| Exercise instructions |
From the line with "family and friends." through the last line of the records below, both ends included, transcribe only those lines, exactly, and omit the pictures.

| Data for the task |

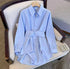 Een elegante damesblouse met strik is een stijlvol en verfijnd kledingstuk dat moeiteloos klasse en vrouwelijkheid uitstraalt. De blouse is gemaakt van een soepele, lichtvallende stof die zacht aanvoelt en mooi meebeweegt met het lichaam.
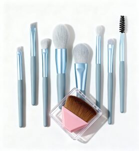 The other brushes cover eyes, cheeks, and details to keep makeup neat and balanced.
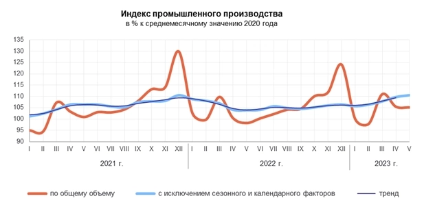 С исключением сезонного и календарного факторов в мае 2023 года, по оценке Росстата, промышленность выросла по сравнению с апрелем на 0,7% после повышения на 1,7% месяцем ранее.
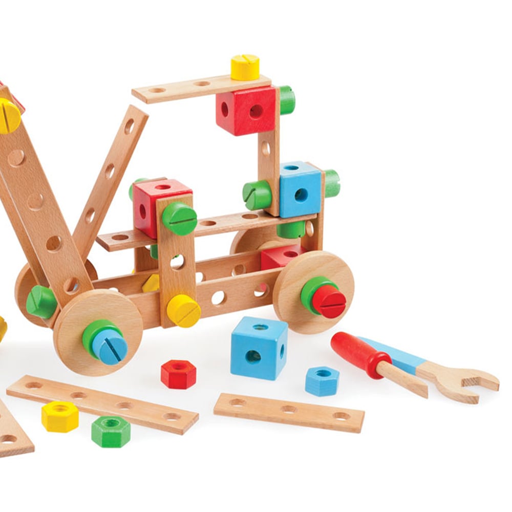 Encourage creative and imaginative play sessions with Tidlo Kids Wooden Construction Set. The 91-piece kit contains tools, coloured screws, bolts, wheels, blocks and planks; all of which can be pieced together to build even the most complex creations. Build it, bolt it and tighten it - use the screwdriver and spanner provided. This construction toy for kids is easy to assemble and take apart. There is even a booklet included with example models to get you started. This extensive construction toy set comes supplied in a handy storage bucket.
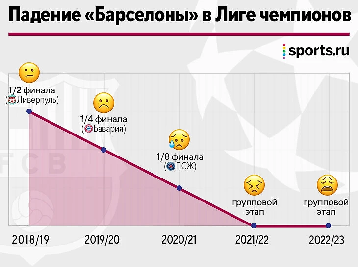 • «Барселона» движется по нисходящей: полуфинал ЛЧ-2019 (с теми самыми 0:4 на «Энфилде»), четвертьфинал и 2:8 от «Баварии» в ковидный сезон, вылет от «ПСЖ» в 1/8 финала сезона-20/21 и теперь два подряд непопадания в плей-офф.
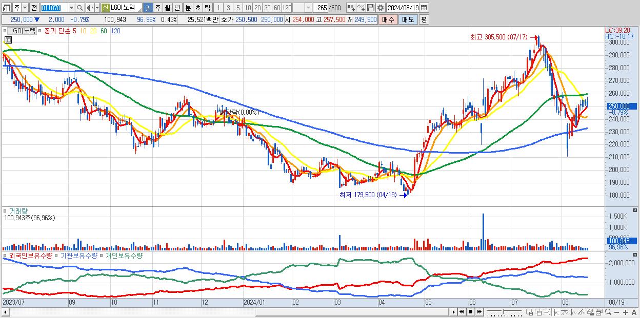 - LG이노텍 (250,000원 ▼ -0.79% , 시총: 59,168억, 외국인 순매수 거래금:42억)
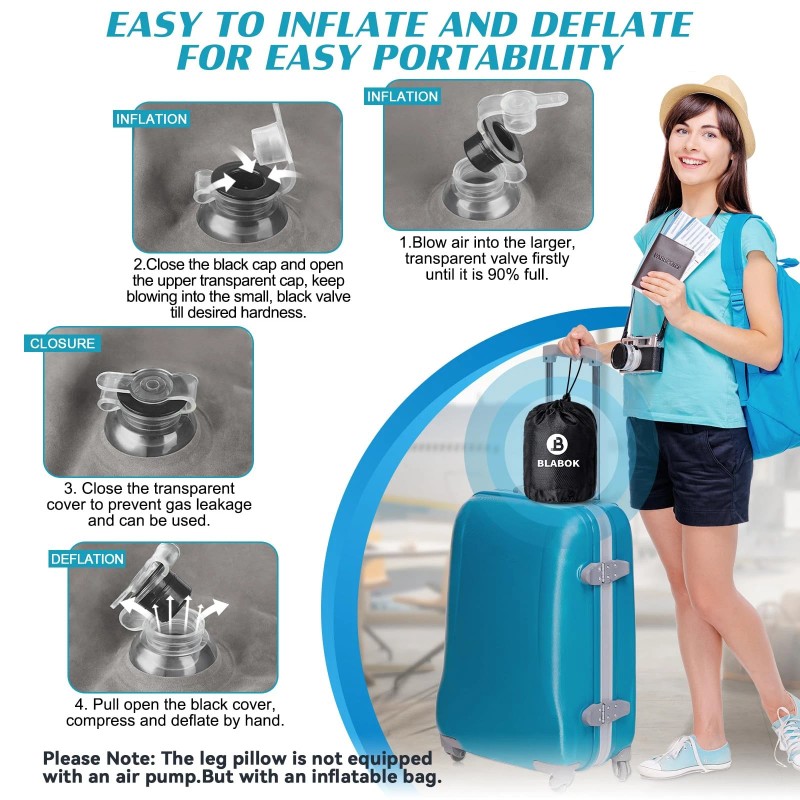【Easy to store and carry】The inflatable leg pillow has an inflation port, which is easy to inflate and deflate. The leg wedge pillow measures 24.8*19.7*9.4 inches, it can comfortably support your legs and prevent your legs from slipping off when you sleep. The size after deflation is 6.6*4.7*3.1 inches, which is easy to carry. It is the best choice for traveling or sending it to family and friends.
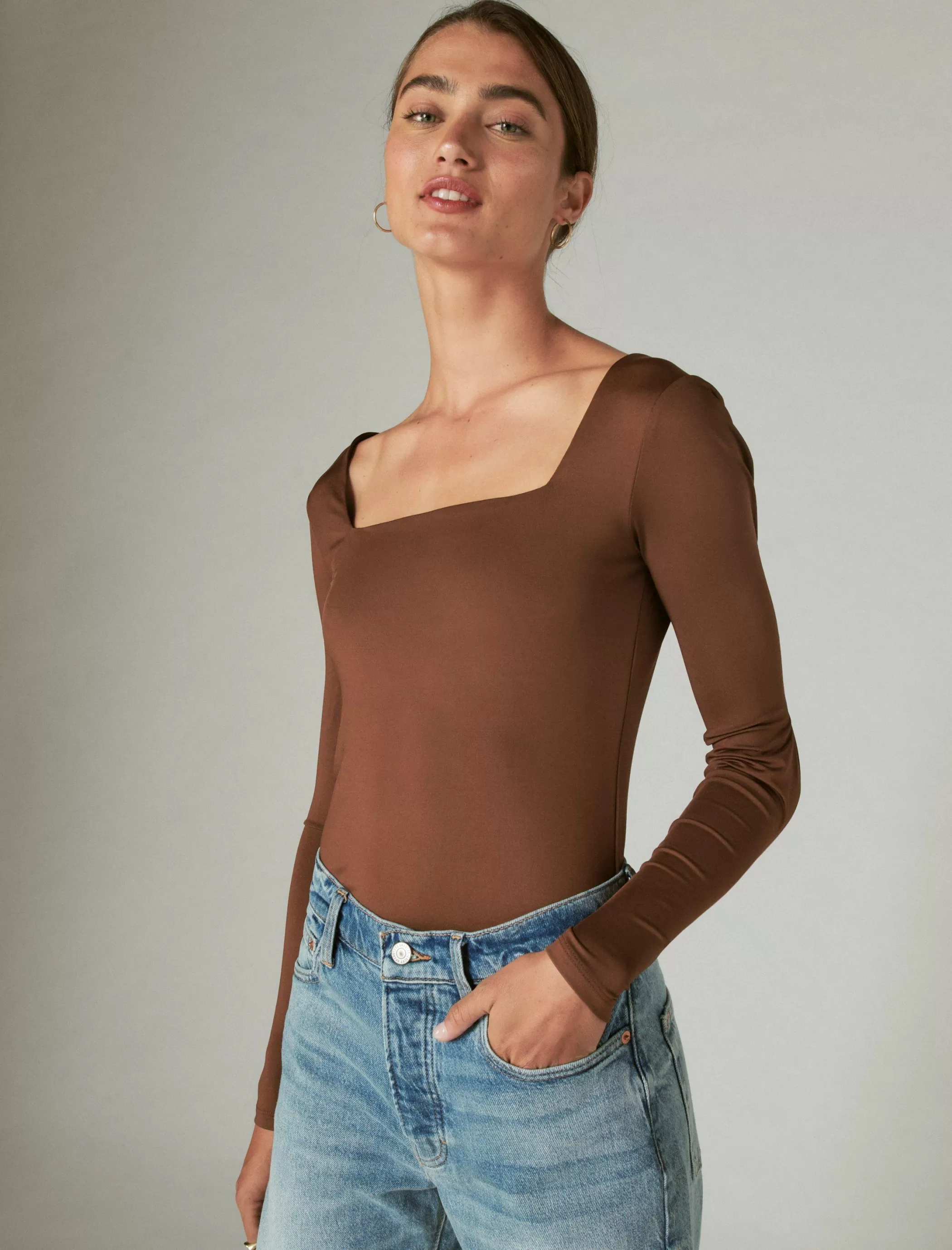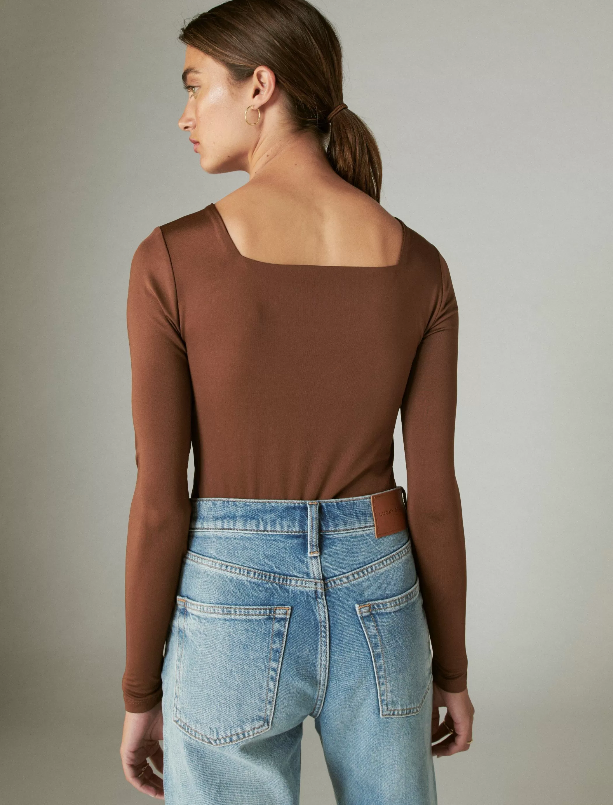 Designed with a flattering square neckline, this soft, stretchy bodysuit looks good worn on its own with jeans or layered under an oversized blazer or jacket.

| Task response |
【Easy to store and carry】The inflatable leg pillow has an inflation port, which is easy to inflate and deflate. The leg wedge pillow measures 24.8*19.7*9.4 inches, it can comfortably support your legs and prevent your legs from slipping off when you sleep. The size after deflation is 6.6*4.7*3.1 inches, which is easy to carry. It is the best choice for traveling or sending it to family and friends.
 Designed with a flattering square neckline, this soft, stretchy bodysuit looks good worn on its own with jeans or layered under an oversized blazer or jacket.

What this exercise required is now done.